The Secure 2.0 law has two key provisions intended to help employees cover unexpected costs. First, it allows employers to automatically enroll workers in emergency savings plans tied to their 401(k) accounts. (Stand-alone account offerings, on the other hand, don't allow employees to opt in by default; employees must choose to opt in.)

Second, employers may let employees withdraw up to $1,000 per year, without penalty, from their retirement accounts to cover unexpected expenses. (Employers may already offer “hardship” withdrawals from retirement plans, but employees typically owe a 10 percent tax penalty if they are under age 59½, in addition to ordinary income taxes on the amount withdrawn.)

The Plan Sponsor Council of America, a nonprofit organization that represents employers, found lukewarm interest in the Secure 2.0 options. In a recent study of council members, only about 2 percent said they were interested in offering both savings and withdrawal options. Half said they weren't interested in either option, while more than a third said they weren't sure.

Some employers said in written comments on the survey that the time and expense required to provide the benefits were not worth their value to employees. Others objected to linking rainy day savings and retirement savings – even though one of the reasons for offering emergency savings accounts is to reduce the need for employees to tap retirement funds to solve personal financial problems.

Tom Armstrong, vice president of customer analytics and insights at financial services firm Voya Financial, said the data shows that workers who don't have sufficient emergency savings are 13 times more likely to take a “hardship” withdrawal from their retirement account. and 30 percent more likely to do so. reduce their pension contributions.

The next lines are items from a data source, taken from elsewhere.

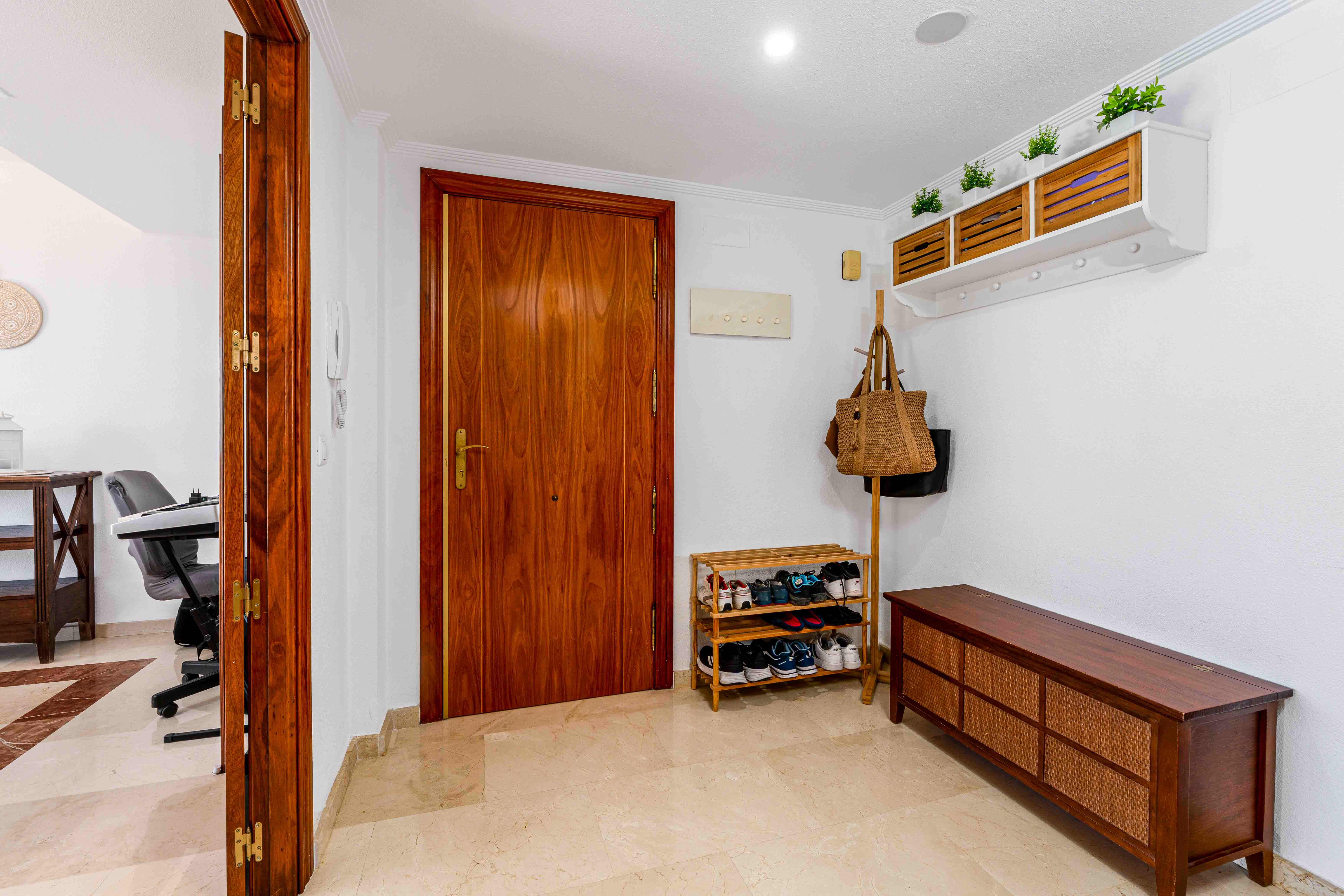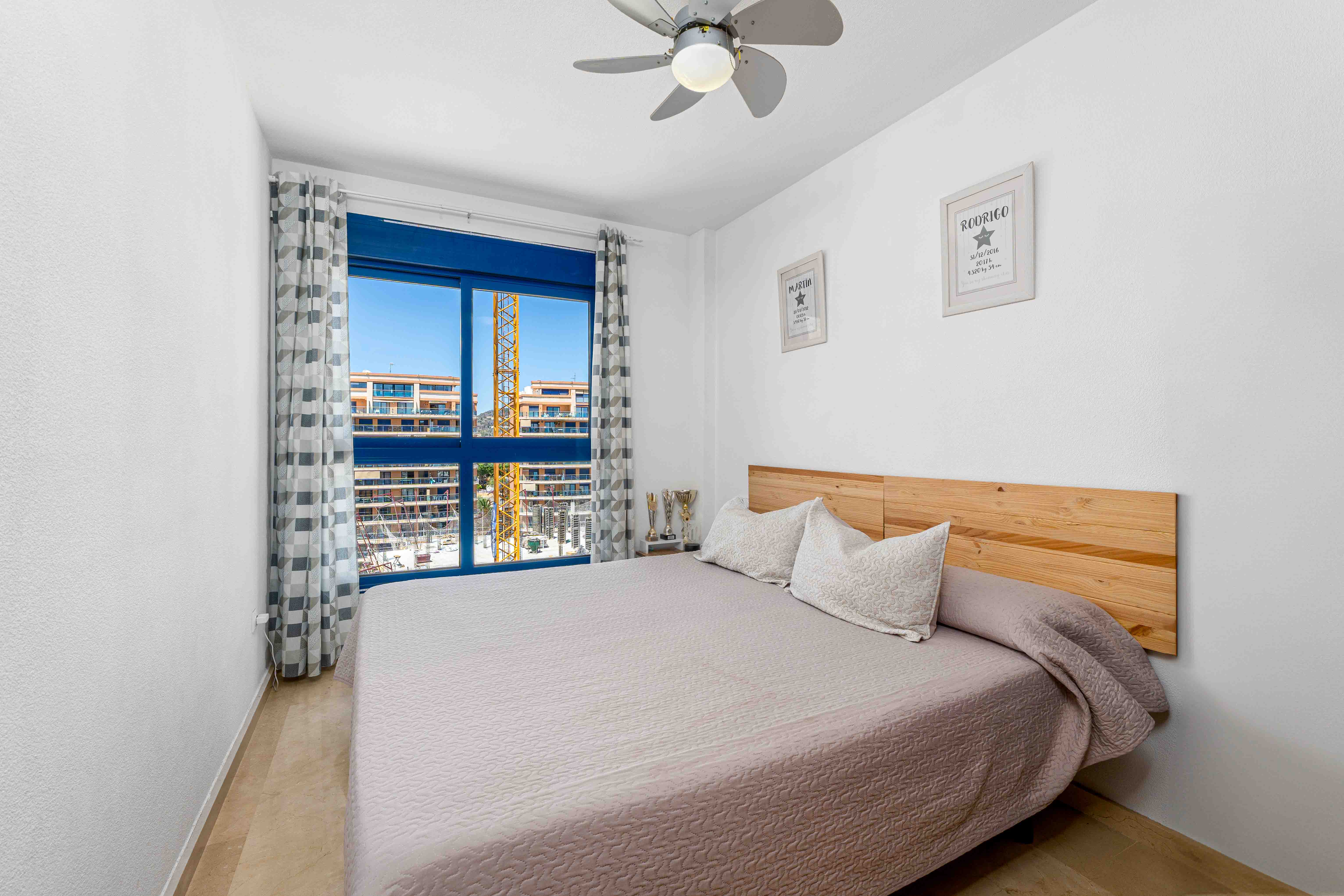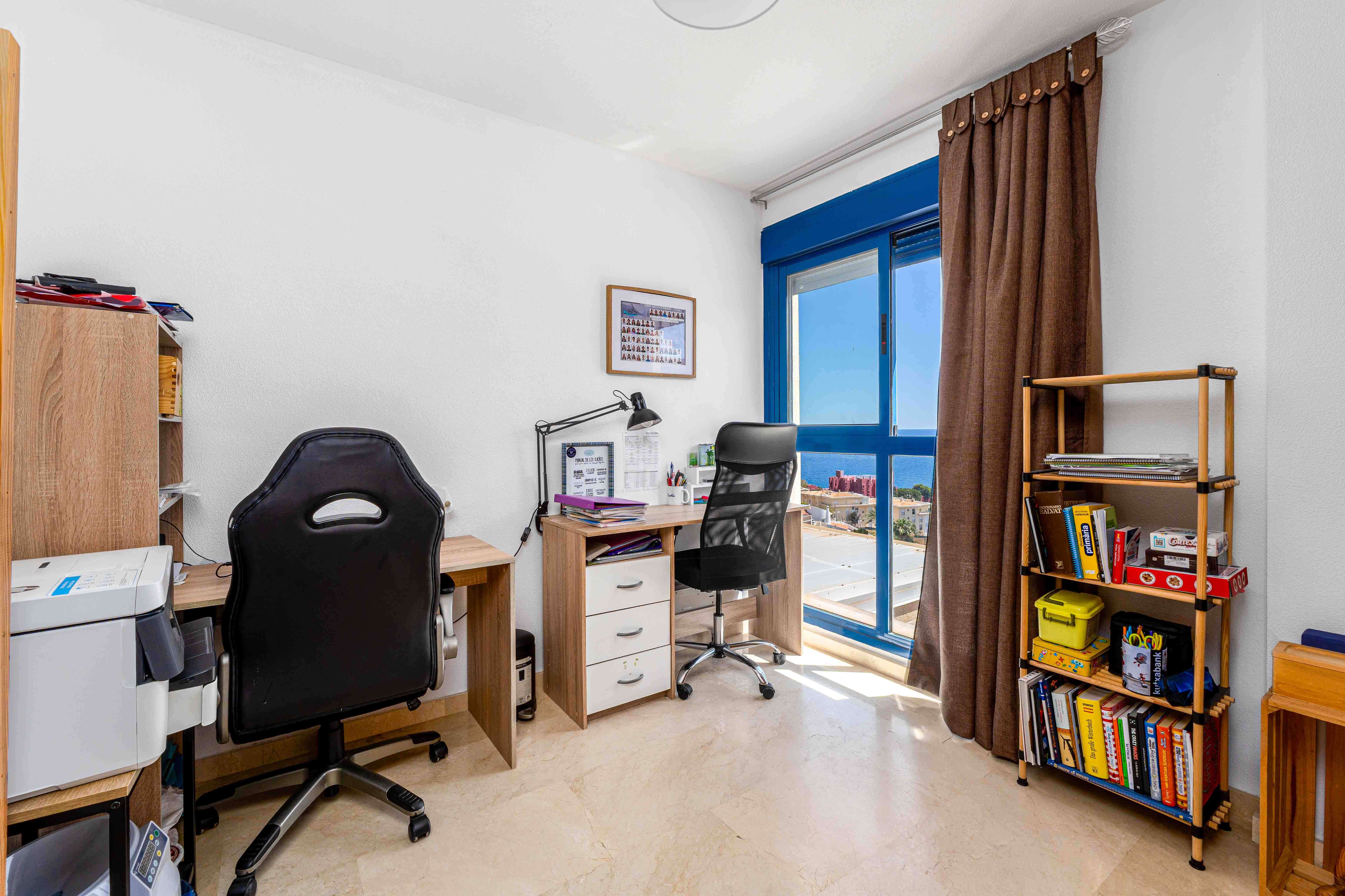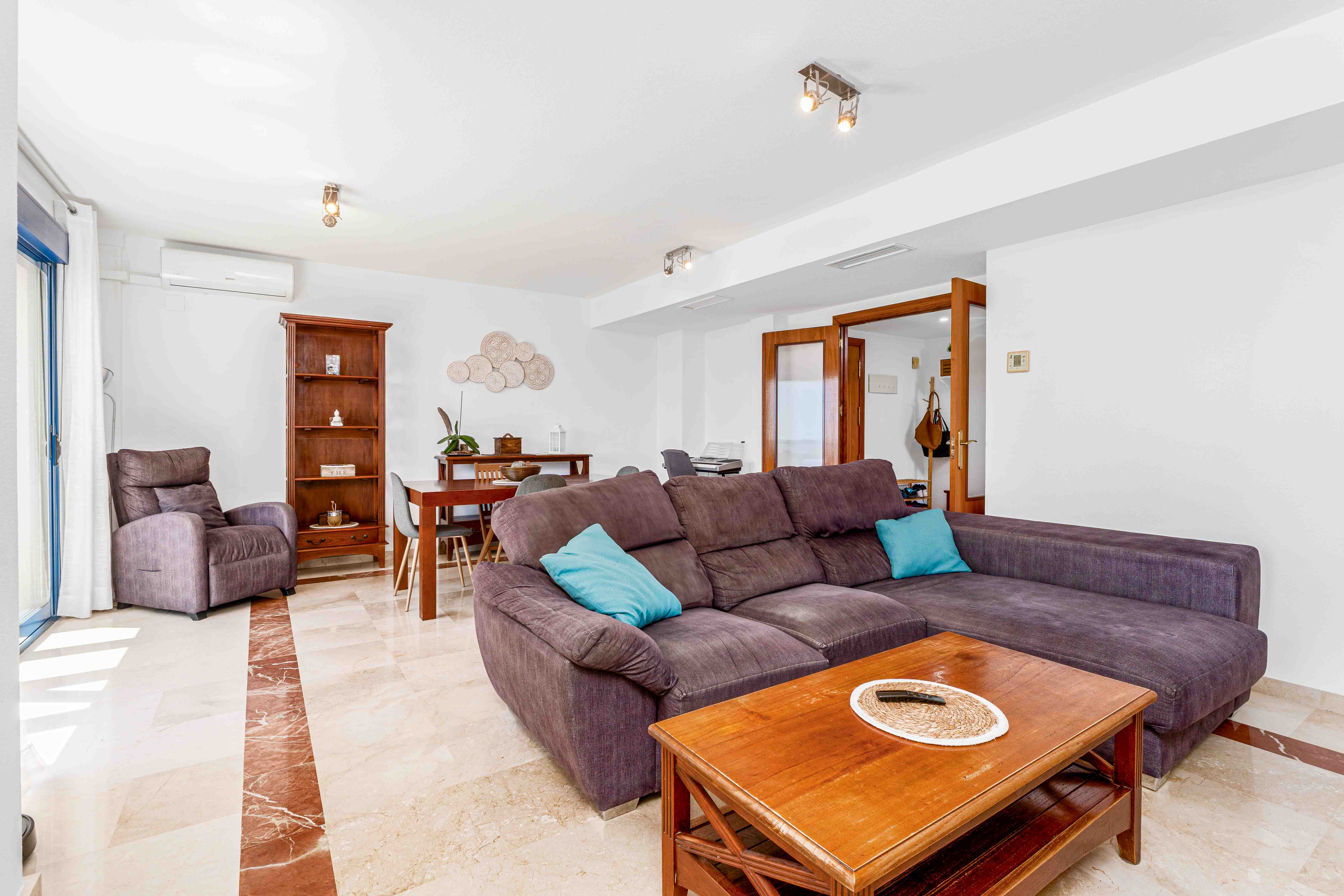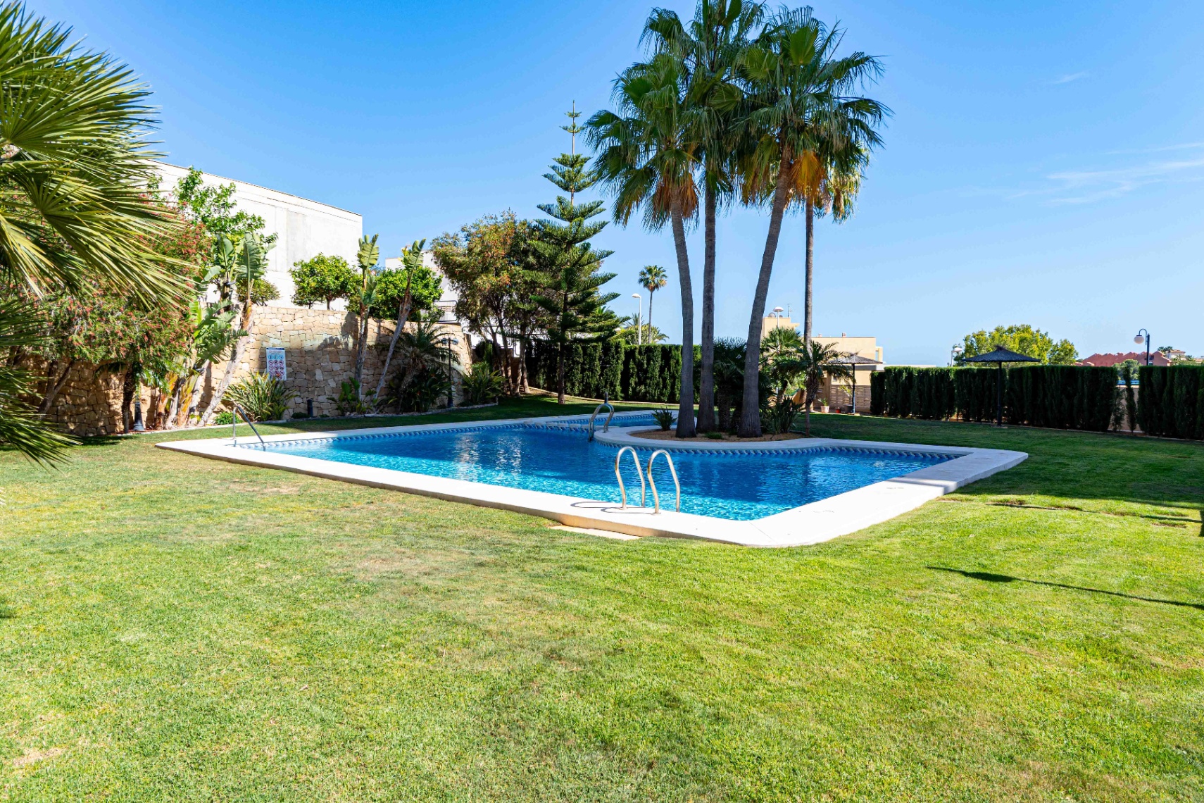 Voorzien van centrale verwarming en airconditioning in de woonkamer en de master suite, wordt de woning gemeubileerd aangeboden en omvat twee privéparkeerplaatsen en twee opslagruimten. Gelegen in een gated community met verzorgde groenvoorzieningen, een gemeenschappelijk zwembad, een multifunctioneel sportveld en een speeltuin voor kinderen, biedt het comfort en gemak op slechts 400 meter van de zee en 300 meter van winkels en diensten.
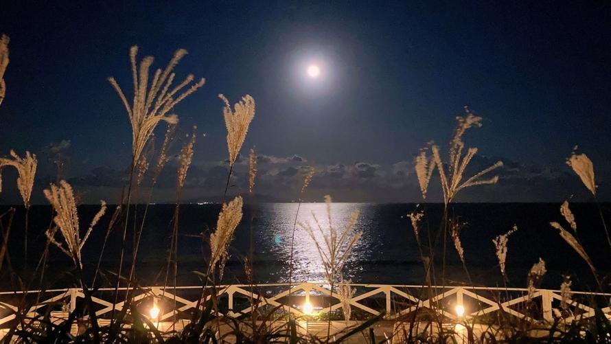 10月から11月の満月前後に、目の前に海が広がるテラスの特別席でのお月見体験。
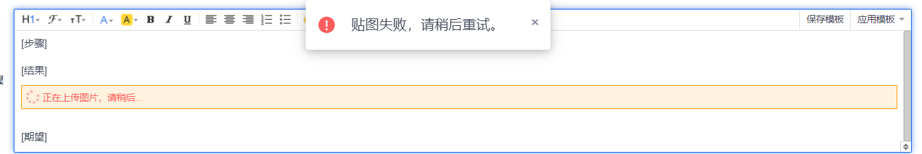 提BUG页面,在结果一栏粘贴的图片,提示贴图失败,无法上传
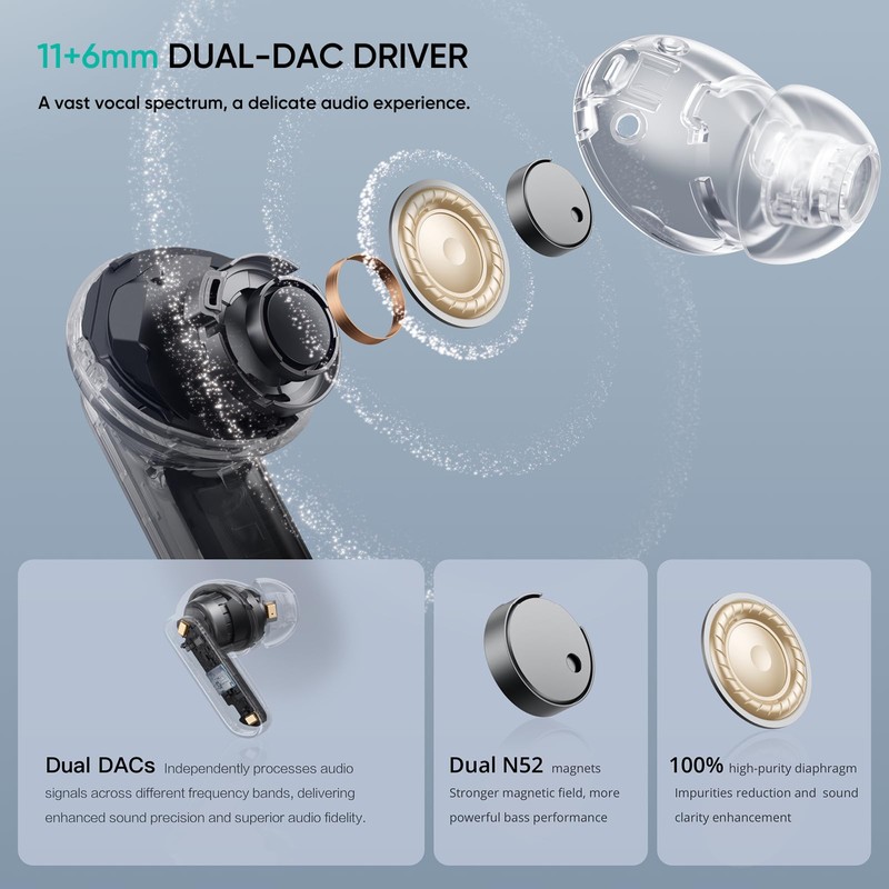 - ULTRA CLEAR SOUND QUALITY 11mm woofer and 6mm tweeter, with dual DAC audio processing chip and dual N52 iron-boron neodymium iron boron magnets with extremely high magnetic energy, the sound output is more precise and real, and the bass performance is more impressive.
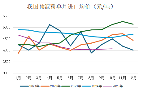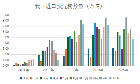 2025年1-10月我国17029012项下进口预混粉9.57万吨,大部分9.28万吨通过一般贸易进口,还有0.28万吨保税监管场所进出境货物;同期21069062项下进口预混粉42.94万吨,大部分42.71万吨也是通过一般贸易进口,还有0.12万吨海关特殊监管区域物流货物。
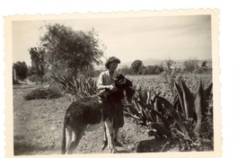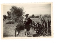 Doris Dana junto a unas plantas de agave y acariciando un burro, al que describe como "su animal favorito en el país", en un camino rural de México.
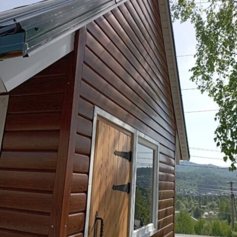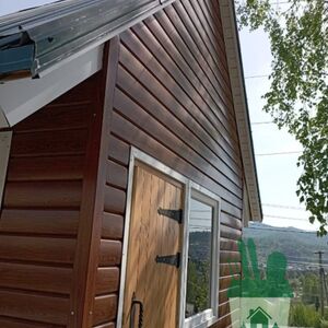 В наружной отделке использованы природные материалы: дерево, черепица.
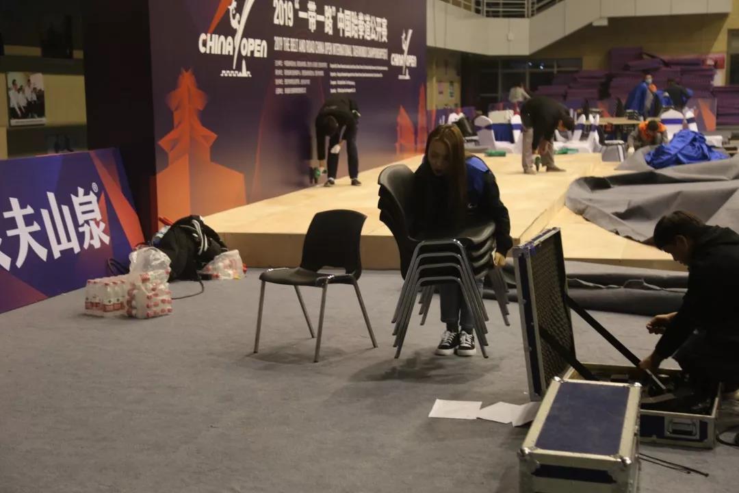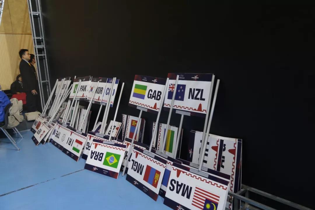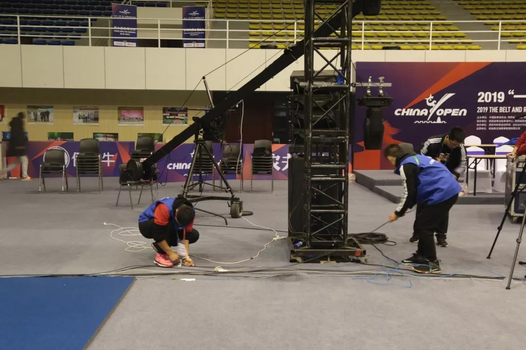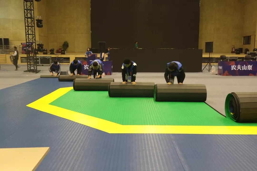 11月7日,开幕式及品势比赛结束后为次日比赛更换竞赛垫。
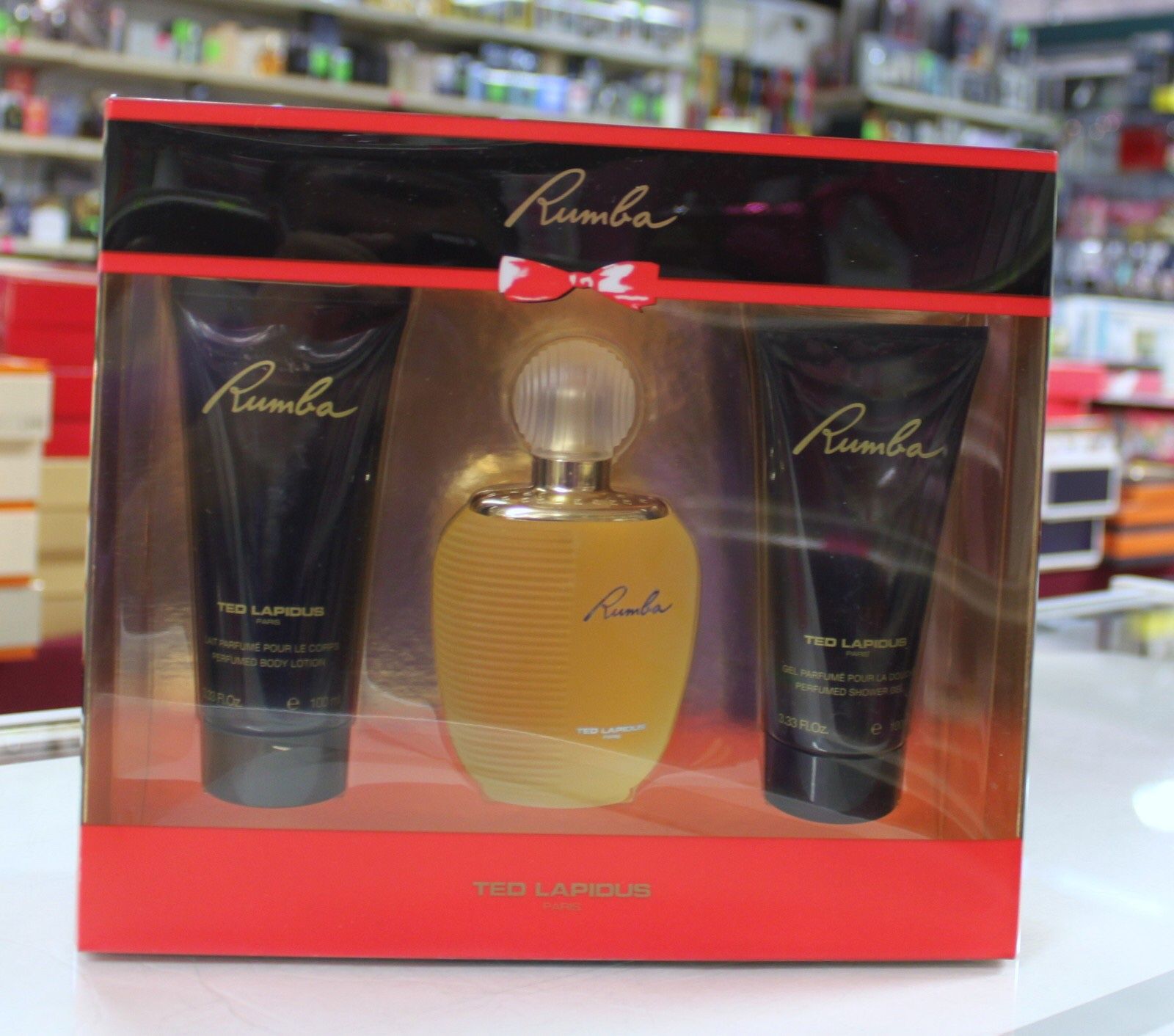 RUMBA by TED Lapidus 3PCS SET FOR WOMAN 3.33 FL.OZ / 100 ML EAU DE TOILETTE SPRAY + 3.3 FL.OZ/ 100 ML PERFUMED BODY LOTION + 3.3 FL.OZ/ 100 ML PERFUMED SHOWER GEL Soft plastic window display box Lotion may have changed formation

Brian Graff, CEO of the American Retirement Association, an umbrella group that includes the Retirement Plan Employer Council, said many companies and plan administrators had focused on mandatory aspects of the onerous Secure 2.0 law — such as a provision that would allow greater access to retirement plans required. for long-term and part-time workers. They haven't had time yet to fully consider whether to take up other optional offers, such as emergency savings, he said. “It's an early stage.”

At the same time, some employers have begun offering rainy day savings tools outside of their workplace retirement plans. Details may vary by employer and provider.

In January for example. Whole Foods Market began offering an emergency savings program through Fidelity. Employees can have money deposited through payroll deductions and withdraw it as needed. It joined companies like Delta Air Lines, which began offering an emergency savings program through Fidelity in January 2023.

Employees who enroll in Delta's program open a cash management account with Fidelity. After completing the required financial coaching, they will receive a $750 deposit from Delta. The airline will then match up to $250 in employee contributions. Last fall, 21,500 employees had participated, a Delta spokesperson said.

Here are some questions and answers about emergency savings:

That depends on your financial situation. A general rule of thumb is to save at least three months of living expenses, but that can seem intimidating to some people. Research shows that even smaller savings can help people avoid turning to risky alternatives, such as high-interest credit cards. America savesan initiative of the Consumer Federation of America, recommends starting with $500.

Either way – or a combination of both – can work, depending on what's best for your situation. It's tax time and many filers are getting a significant refund. The average federal reimbursement last year it was just under $3,200, the Internal Revenue Service reported. Set aside A part of your refund in a savings account can help you start your emergency fund.

Probably not. Most employers offer and allow electronic deposits “split deposits,” where you automatically transfer part of your salary to a separate savings account. Ask your payroll department about this. Normally you have to fill in an application form with your bank account number. Alternatively, banks, credit unions and many budgeting apps offer automatic transfers from your checking account to a savings account.